Q149 Chair: Before I wrap up, are there any things you came here burning to tell our Committee that I and my colleagues have not managed to get out with our questioning?
Lisa Jacobs: I would just make a comment around data. I highlighted data as being challenging in this area. There are further enhancements that we could make to our data-sharing schemes. One of the great things that have happened over the last decade is the UK leading around data sharing.
Chair: This is open banking.
Lisa Jacobs: It is open banking. It is also things like commercial credit data sharing, which has probably had a bigger impact for us. Certain high-level bank data attributes are shared through credit bureaus to lenders in a standardised way. That has meant that challengers or alternative finance providers like us can provide a very quick process.
As I said before, 75% of our applicants receive an instant decision because we can pool these data forms. That enables us to be more accurate in our risk assessing; it enables the customer to have a quicker process; and it enables us to open out in order to serve more small businesses.

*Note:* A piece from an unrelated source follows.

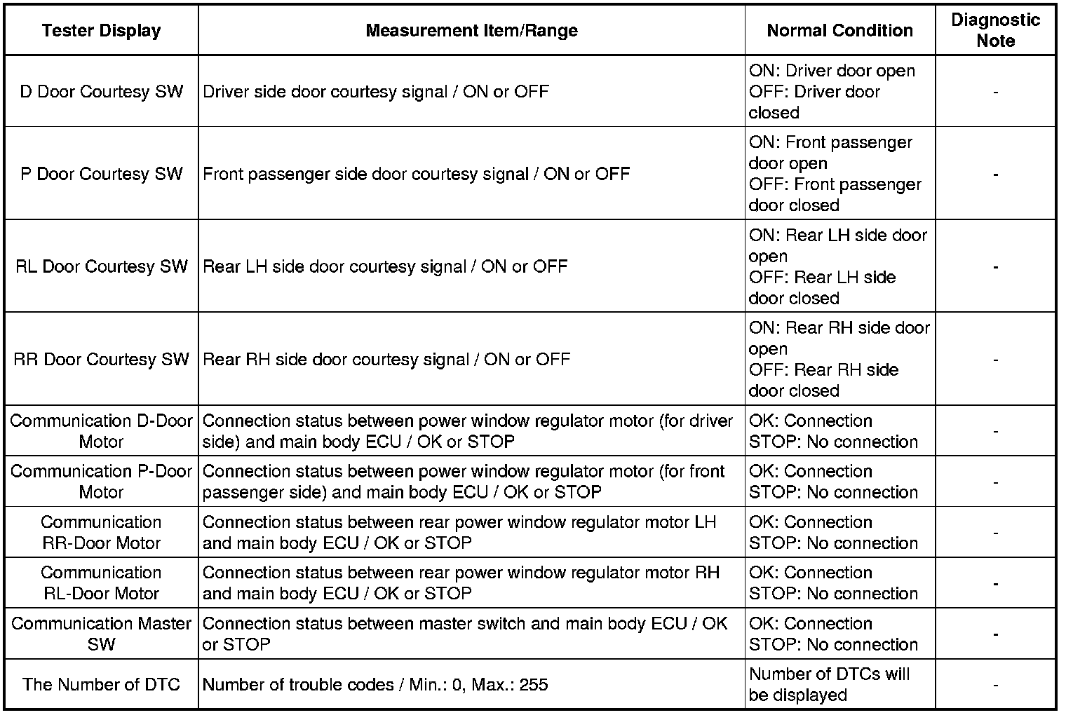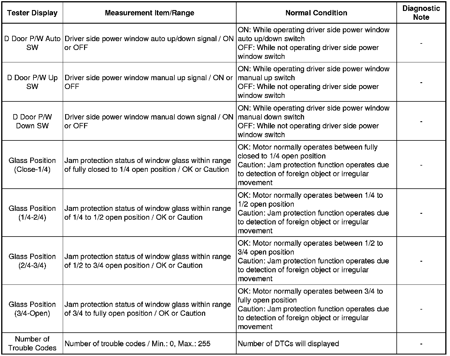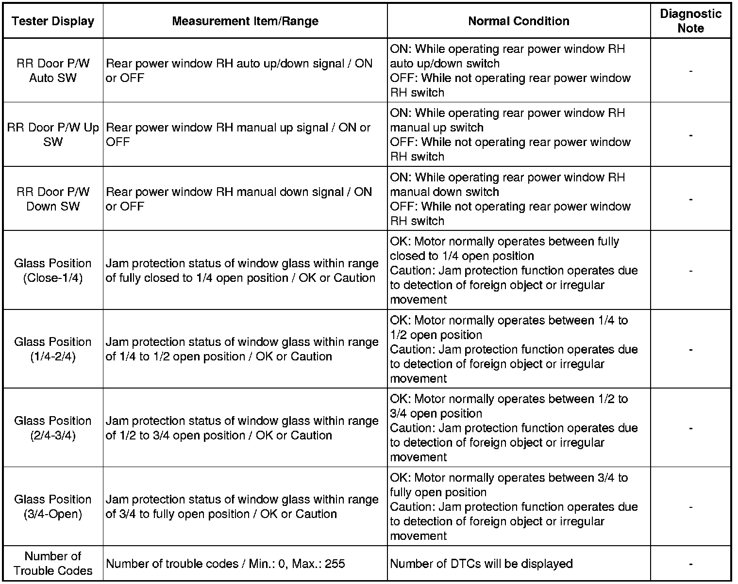 WINDOW / GLASS: POWER WINDOW CONTROL SYSTEM: DATA LIST / ACTIVE TEST

We would be very keen to see continued enhancements in that, whether that is directly through CCDS, the commercial credit data sharing programme, to increase data fields, or through open banking. We have made a really great start on open banking, but the data we receive is not necessarily always consistent because each different lender might have a different way of categorising data. It is quite tricky and challenging for us to ingest and use that data.
In terms of the consent, we need to enable small businesses to continue to provide that feed to lenders. Over time, that means they get served better and they get better options, because that data enables other lenders to provide them with great financing offers when they need it.
Chair: Are there any other last points on that?
Theodora Hadjimichael: This is not specifically on data, although that is a really good point. I would like to make one last call to action. The gaps in SME finance have been so persistent over time. You saw it in the last review. In some cohorts, it has got worse. We did not touch specifically on ethnic minority businesses or women-led businesses today, but these are particular groups that really struggle to access finance and are being declined at higher rates.
It does not have to be like this. We have the ability to change that and to get more funding to businesses like Miss Macaroon and the roofing company. The research out there shows that between 100,000 and 200,000 businesses are discouraged or declined each year. A portion of those are viable. They could be Miss Macaroon; they could be the roofing company. They could be real drivers of the economy.
NatWest is doing great work on the consumer lending side with some of our CDFIs. Another high street bank is going to make an announcement about investing into CDFIs soon. More of that needs to happen.
There are key things the Government can do as well around extending their recovery loan scheme and providing some of the risk capital to enable that kind of lending. It is within our gift to change this. It would make such a huge difference to so many small businesses and so many local economies around the country. It is so important to drive these changes, so that in a few years we see these gaps declining.
Chair: It remains for me to say that I also urge all of you to communicate some of the messages that you have communicated this afternoon out there as well. The average person who is thinking of starting a business in my constituency would not know half of what we have learned this afternoon. We really have learned a lot.
It has been a very interesting session. I want to thank you for the time you have taken in giving your evidence this afternoon.